2)$Clos\prod\limits_{i\in I}A_i=Clos\{x:I\rightarrow \bigcup\limits_{i\in \mathbb{N}}A_i|x(i)\in A_i \forall i\in I\}=\{x:I\rightarrow Clos\bigcup\limits_{i\in \mathbb{N}}A_i|x(i)\in ClosA_i \forall i\in I\}$ which does not make much sense as now you must consider closure of a set of functions but you must know the topology on them to know how to deal with them.

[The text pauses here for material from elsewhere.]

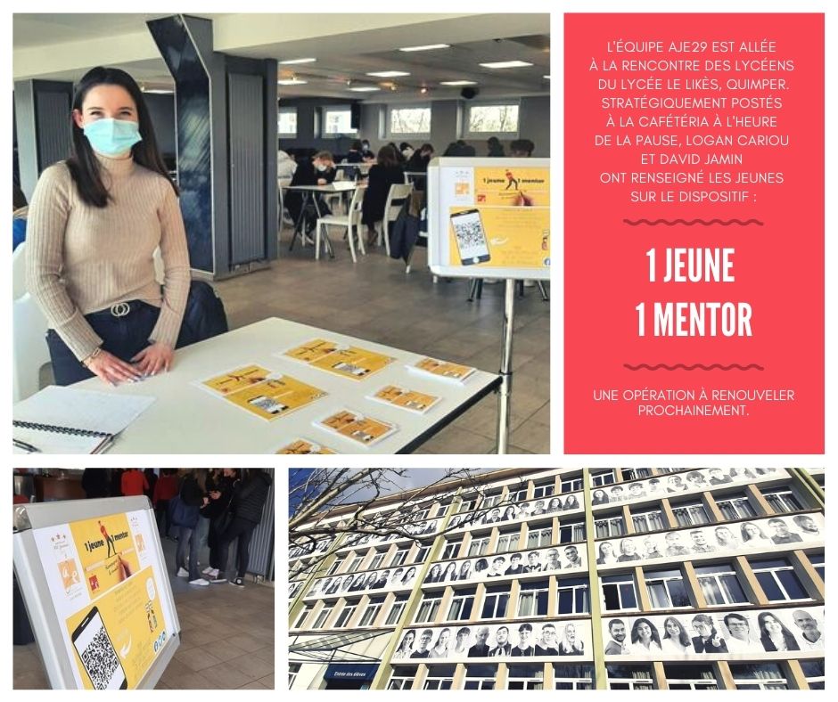 Jeunesse et Entreprises (AJE) s’engage dans l’opération « 1 jeune 1 mentor »« 1 jeune 1 mentor » est un dispositif gouvernemental qui permet à des mentors de s’engager pouraider les jeunes à mieux connaître le monde professionnel, à avoir confiance en eux, à développer leurstalents, à travailler sur leur projet d’orientation et leur savoir-être. Les inscriptions se font sur les liens suivants :– Inscription des mentors : https://docs.google.com/forms/d/e/1FAIpQLScqk7phwgyBOeFpOfusHFCI7e78OvLfNFrTO3EP-UuTDtzNYQ/viewform– Inscription des mentorés :https://docs.google.com/forms/d/e/1FAIpQLScriUVJGSWRBuqIRSydi1QI2TNBm-whuIvdpKjxBZSBOVBP-w/viewformIl est obligatoire de s’inscrire pour s’engager dans l’opération.

I know of a way to prove the aforementioned result in the product or box topology using the fact that $x\in ClosA\ iff\ for\ any\ U\ni x\ open\ in\ X, U\cap X\neq \phi$, you can find the same in munkres at the end of the section on product topology(section-19). Though I'm pretty sure it should be provable this way also, I'm not able to come up with analogs for the product or box topology in this functional form, i.e., you have to show that $$Clos\{x:I\rightarrow \bigcup\limits_{i\in \mathbb{N}}A_i|x(i)\in A_i \forall i\in I\}=\{x:I\rightarrow \bigcup\limits_{i\in \mathbb{N}}ClosA_i|x(i)\in ClosA_i \forall i\in I\}$$